La CSN se prononce contre la volonté du gouvernement Marois d'interdire le port de signes religieux ostentatoires à l'ensemble des travailleurs des secteurs public et parapublic.

« On n'a pas besoin d'aller aussi loin pour s'assurer de la séparation de l'Église et de l'État et s'assurer que l'État est laïc », a plaidé le président Jacques Létourneau jeudi, alors que le conseil confédéral de la CSN a pris position sur le projet de loi 60 sur la charte de la laïcité. « Pour le chauffeur d'autobus de la Société de transport de Montréal, en quoi porter un signe religieux ostentatoire menace la neutralité de l'État ou du service ? », a-t-il ajouté.

Par une écrasante majorité, les délégués du conseil confédéral ont appuyé une proposition soumise par le comité exécutif. Ainsi, pour la CSN, l'interdiction du port de signes religieux doit viser les juges, les procureurs de la Couronne, les policiers, les gardiens de prison, le président et le vice-président de l'Assemblée nationale - c'était la recommandation de la commission Bouchard-Taylor. « Par souci des enfants », une « clientèle captive », l'interdiction doit également s'appliquer dans les écoles primaires et secondaires, autant publiques que privées subventionnées, les centres de la petite enfance (CPE) et les garderies privées.

« La CSN se prononce contre une interdiction générale du port de signes religieux pour tous les membres du personnel d'un organisme public », ajoute-t-on.

Dans son document de réflexion sur le projet de loi 60, la CSN affirme que « le projet de loi frappe fort et sans discernement » au sujet de l'interdiction du port de signes religieux. « Nous ne pouvons suivre le gouvernement sur ce terrain », ajoute la centrale syndicale qui compte 300 000 membres, dont les deux tiers sont dans le secteur public. « Une interdiction aussi générale paraît nettement disproportionnée et pourrait s'avérer particulièrement préjudiciable pour les femmes », soutient-elle. « La Charte de la laïcité proposée ici compromet gravement le droit de gagner sa vie et même celui de choisi sa profession.
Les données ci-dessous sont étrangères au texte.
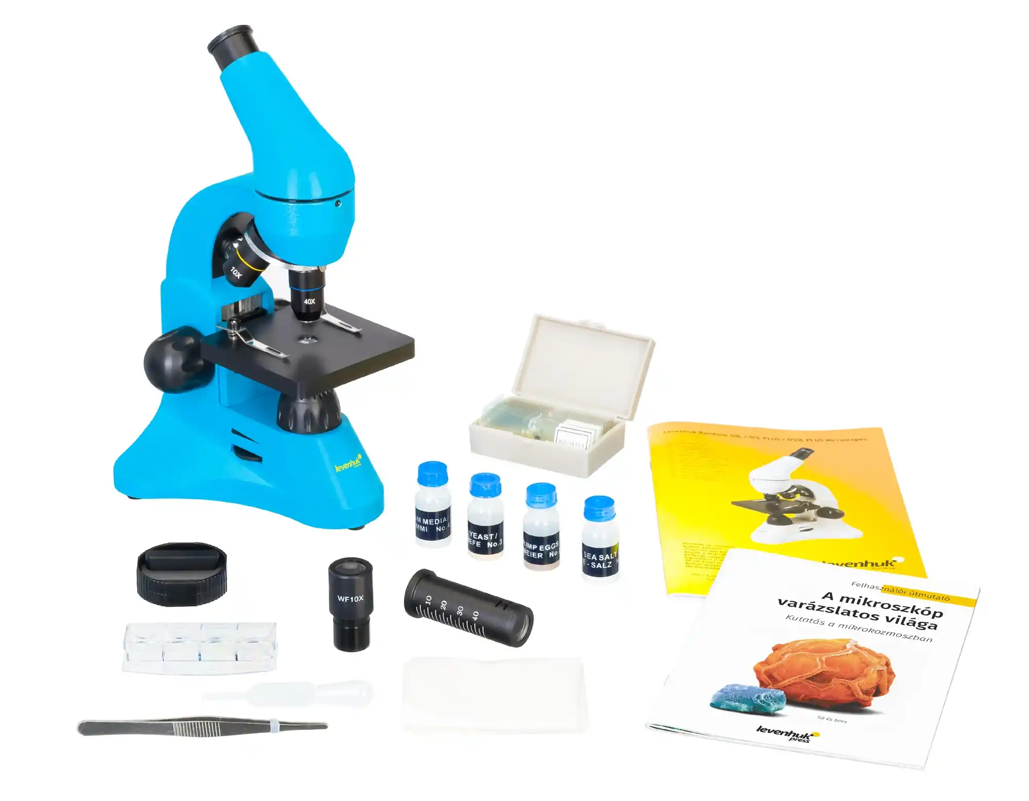 Mikroskop, bir dizi heyecan verici deney yapmanıza olanak tanıyacak bir deney setiyle birlikte sunulur. Kit, yeni mikroskopunuzu hemen deneyebilmeniz için hazırlanmış numunelerin yanı sıra kendi numunelerinizi hazırlamanız için araçları içerir. Kite dahil bir kullanışlı kullanım kılavuzu ile mikroskopun yapısı hakkında faydalı bilgiler, mikroskopla çalışma için ipuçları ve ilgi çekici deneylerin açıklamaları sunulmaktadır.

Où pourra-t-on exercer la profession de médecin ou d'infirmière lorsqu'on porte le voile ? » Selon elle, « le droit au travail commande une approche restrictive », « plus ciblée », ce qui a été approuvée en conseil confédéral.

Pour la CSN, il ne faudrait pas faire de distinction entre un signe ostentatoire et un signe discret « pour éviter le traitement préférentiel de certaines religions et les tergiversations concernant les dimensions acceptables d'un signe ».

Un long débat a précédé le vote sur la proposition soumise par le conseil exécutif. Au micro, la présidente du Conseil central de Québec-Chaudière-Appalaches, Ann Gingras, a affirmé que « le projet du gouvernement tel que présenté est fort mal fait ». Le gouvernement mise sur des « clichés » et des « stéréotypes » pour « enflammer la population », a-t-elle ajouté.

Marc Laviolette, de la Fédération de l'industrie manufacturière, est quant à lui monté au front pour appuyer le gouvernement même si le projet de loi a des « insuffisances ». « On n'est pas 100% d'accord avec la charte, on est 400% d'accord avec la charte ! » a-t-il lancé. Son amendement en faveur d'une interdiction du port de signes religieux pour tous les membres du personnel d'un organisme public a toutefois été rejeté par une forte majorité.

Un amendement de la Fédération nationale des enseignantes et des enseignants du Québec pour que l'interdiction ne s'applique pas dans les écoles a connu le même sort.

En après-midi, les délégués débattaient d'une proposition du comité exécutif demandant la reconnaissance d'un « droit acquis » au port de signes religieux pour les personnes déjà à l'emploi au moment de l'adoption de la loi. Une telle mesure « tempérerait l'atteinte au droit au travail », estime l'exécutif. « Il serait injuste que des travailleurs soient congédiés en raison de changements apportés après leur embauche aux exigences d'emploi. » Pour Jacques Létourneau, l'objectif est également d'éviter « la multiplication des recours juridiques » dans les milieux de travail.

La CSN condamne les « incohérences » du projet gouvernemental : il ne retire pas le crucifix du Salon bleu, il permet aux députés de porter des signes religieux et il ne remet pas en cause le financement des écoles confessionnelles. Elle appuie toutefois l'idée de baliser les accommodements raisonnables, d'affirmer la neutralité religieuse de l'État et l'égalité homme-femme. Elle approuve l'obligation d'avoir le visage découvert dans la prestation et la réception des services publics.